The Associated Press: Disinformation and Semantics

You probably heard about the the six Sunni Arabs who were dragged from Friday prayers and burned to death last week. It was all over the news as some of the mainstream news sources decided to start calling the conflict in Iraq a “Civil War.” But now, it is looking less and less like an actual event, and more like a fabrication.

This week, bloggers are exposing another huge scandal of the mainstream press. It turns out that The Associated Press has been reporting news from Iraq based on individuals pretending to be Iraqi police officers.

The story of the six Sunis being burned to death was based on information from some locals and an Iraqi policeman identified as Captain Jamil Hussein.

But Capt. Jamil Hussein is not a police captain. He isn’t even a police officer. He isn’t even an employee of the Ministry of Interior. He is a propagandist posing as a police captain to feed disinformation to the International and American media with the objective of influencing popular opinion.

Propagandist Hussein has been the source for at least 10 different stories about Iraq published by The Associated Press since April 2006.

And he isn’t the only one. Another propagandist posing as a police lieutenant in a different police station, named Maithem Abdul Razzaq, has been the source for at least 11 other stories published by the AP since the beginning of April.

The way I understand it, the press had been informed previously, in unambiguous terms by the Ministry of the Interior, that no one below the office of Chief was authorized to be an Iraqi Police spokesperson.

Back in August, I wrote about the Reuter’s Photoshopping scandal, which has since been dubbed Fauxtography, as well as other instances of propaganda being distributed through mainstream media.

As I said then, we all innocently repeat falsehoods from whichever side we tend to believe. But the mainstream press should at very least openly exhibit the unreliability of their sources and be a lot more hesitant to publish sensationalist stories without first confirming them through more reliable sources, and reporting, for instance that neither the official Iraqi police nor the U.S. military are able to corroborate the information. Of course, now that the unreliability of their sources has been revealed by bloggers, they will go and subtly edit the previous stories on their websites to correct the problem quietly, without drawing attention to it. But the correction will do little to mitigate the blaring original headline which may have already entered into the cultural consciousness as “fact.”

I have no doubt that there are a lot of people dying in Iraq and that things are not going well. But under these circumstances it is impossible to know what is really happening out there.

On my way to work this morning I listened to a portion of NPR’s Diane Rehm show as she was interviewing former U.S. President Jimmy Carter [Listen to it: Windows Media]. When asked about whether it is right to call the conflict in Iraq a “Civil War,” he responded (according to my own transcript):

“I think the semantics, only that, they don’t have any substance. I think that some of the major news media decided this week that from now on their correspondents are going to refer to it as a “civil war.” But you know, compared to other civil wars with which I, at the Carter Center, have been intimately associated, this is not a civil war yet. We have devoted a good deal of our time for the last twenty years trying to resolve the civil war, for instance, in Southern Sudan.

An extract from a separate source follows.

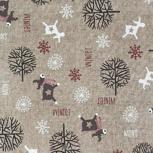 Wachstuch Tischdecke 01742-01 taupefarben Weihnachten Rotkehlchen Winter eckig rund oval

Two-million people have died. And we just finished helping hold the first democratic election in history for the republic of Congo. Four-million people have died there in the last eight years. So compared to those so-called civil wars, this is not a civil war. But I don’t think there is any doubt that it is civil strife. And I think it is just a matter of the news media deciding that this is what we’re going to call it. As a short-hand expression I don’t think it has any substance.”

Semantics are playing such a huge role in this war, and it is easy for perceptions sewn disingenuously to become reality. Often the legacy media seem complicit with the enemy within that particular theatre.

UPDATE: The AP responds :

The attempt to question the existence of the known police officer who spoke to the AP is frankly ludicrous and hints at a certain level of desperation to dispute or suppress the facts of the incident in question.
…we have conducted a thorough review of the sourcing and reporting involved and plan to move a more detailed report about the entire incident soon, with greater detail provided by multiple eye witnesses.

The police captain cited in our story has long been known to the AP reporters. The AP stands by its story.

-AP International Editor John Daniszewski

The more detailed report is available here .

It will be interesting to see how this goes. The military still insists that the source is not a police officer, but the AP is sure that he is. Perhaps I am wrong about the AP in this case. Hopefully we’ll figure it out in the next few days.